Never subjugate your minds to the media of this age and blindly be led in paths laid for us by the enemy of our souls. John MacArthur aptly said, “Unless we are willing to examine all things carefully, we cannot hope to have any defense against reckless faith.” Only in careful scrutiny will we be able to discern light from darkness.

We carry the world in our pocket. From international news agencies to social media platforms, we’re endlessly besieged with bytes of stories, political commentary, cultural opinion, conspiracies, blogs, and the ever-maddening notification ping of breaking news. A staggering 3.5 billion people on our planet have been identified as users and consumers of this assortment of media. In fact, most of us will spend an average of three hours every day engaging with this unrelenting barrage of information.

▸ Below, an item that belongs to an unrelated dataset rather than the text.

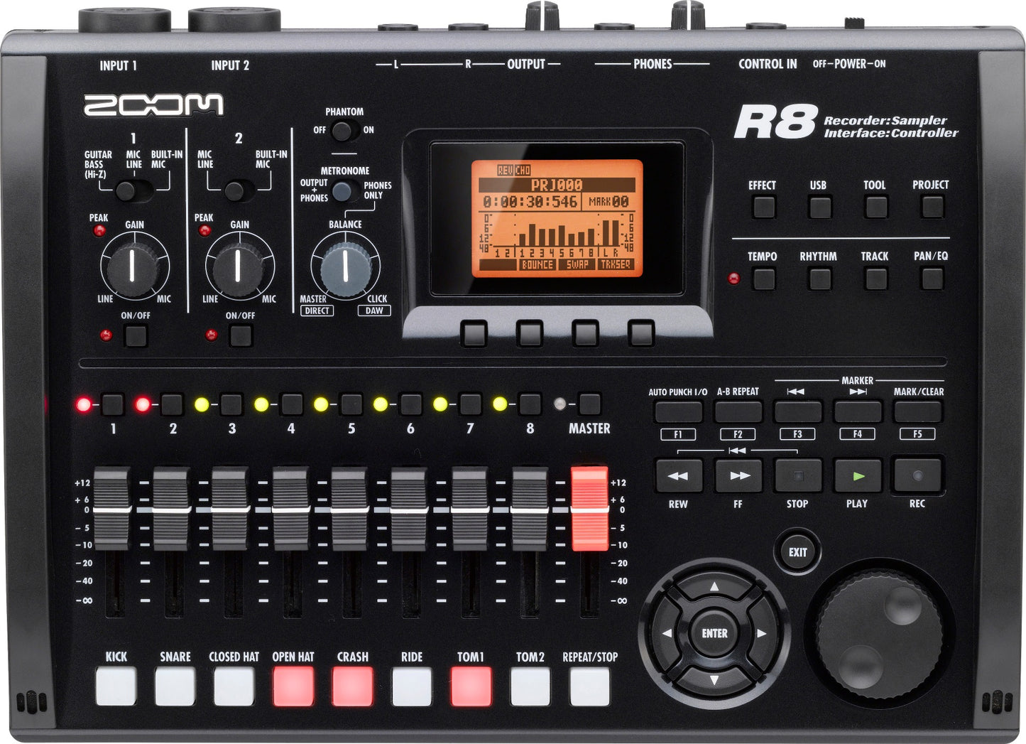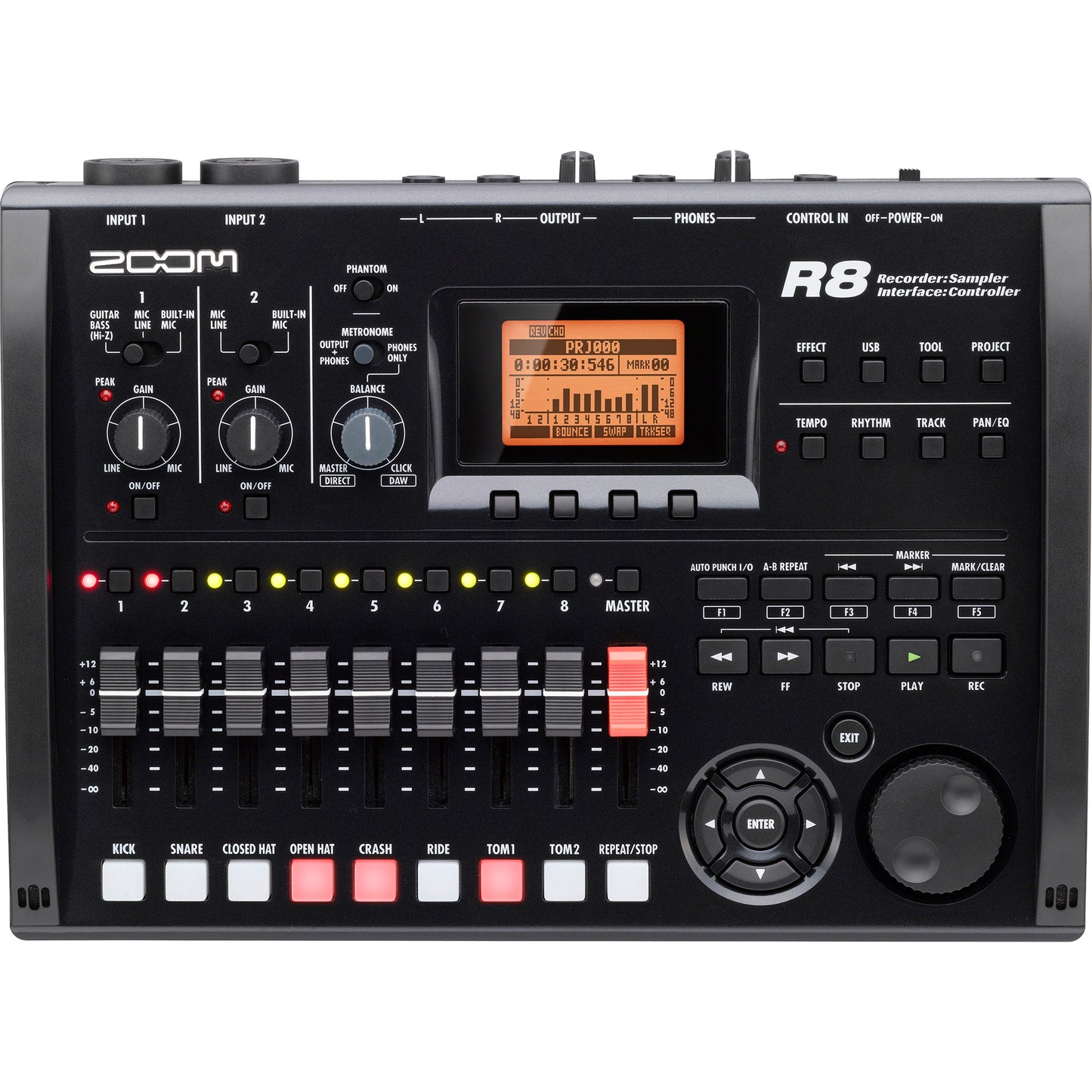 Zoom R8 Multi-Track SD Recorder, Sampler & USB Interface. The Zoom R8 Recorder Interface Controller has 8-channel playback, 2-channel simultaneous recording with 48V phantom power available on 2 tracks.

Over the past several months, we’ve seen how quickly news and social media can elicit fear, provoke anger, and fuel movements. This information overload is sometimes more than we can bear and has sent believers and unbelievers alike spiraling into despair and hopelessness as we’re simply trying to discern what to believe.

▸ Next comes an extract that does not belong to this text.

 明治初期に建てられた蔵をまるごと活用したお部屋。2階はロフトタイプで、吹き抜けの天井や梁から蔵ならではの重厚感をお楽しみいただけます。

Throughout Scripture, believers are repeatedly cautioned to maintain a sharpened awareness of the difference between truth and error. Paul implored the Thessalonian church: “Test everything; hold fast what is good. Abstain from every form of evil” (1 Thess. 5:21–22). Similarly, Paul encouraged the Ephesians to “try to discern what is pleasing to the Lord. Take no part in the unfruitful works of darkness, but instead expose them” (Eph 5:10–11). Therefore, spiritual discernment is not optional for the believer but is a clearly commanded necessity for proper Christian living. However, many believers have never been adequately instructed regarding how to develop truly biblical spiritual discernment. Such instruction is vital in the information surplus of our day.
Desire Wisdom
Our desire for spiritual discernment is directly related, at a deeper level, to our desire for wisdom. This type of wisdom is to be searched for, longed for, and pursued by every believer. In the opening sentence of his Institutes of the Christian Religion, John Calvin said, “Nearly all the wisdom we possess, that is to say, true and sound wisdom, consists of two parts: the knowledge of God and of ourselves.” Calvin reminds us that to receive true wisdom, and therefore the spiritual ability to discern, begins with a right knowledge of our Creator. No doubt he would have had Proverbs 9:10 in mind: “The fear of the Lord is the beginning of wisdom.” The current inability to determine truth from error finds its origin in a fundamental lack of understanding of the holiness and glory of the triune God and the sinful depravity of man.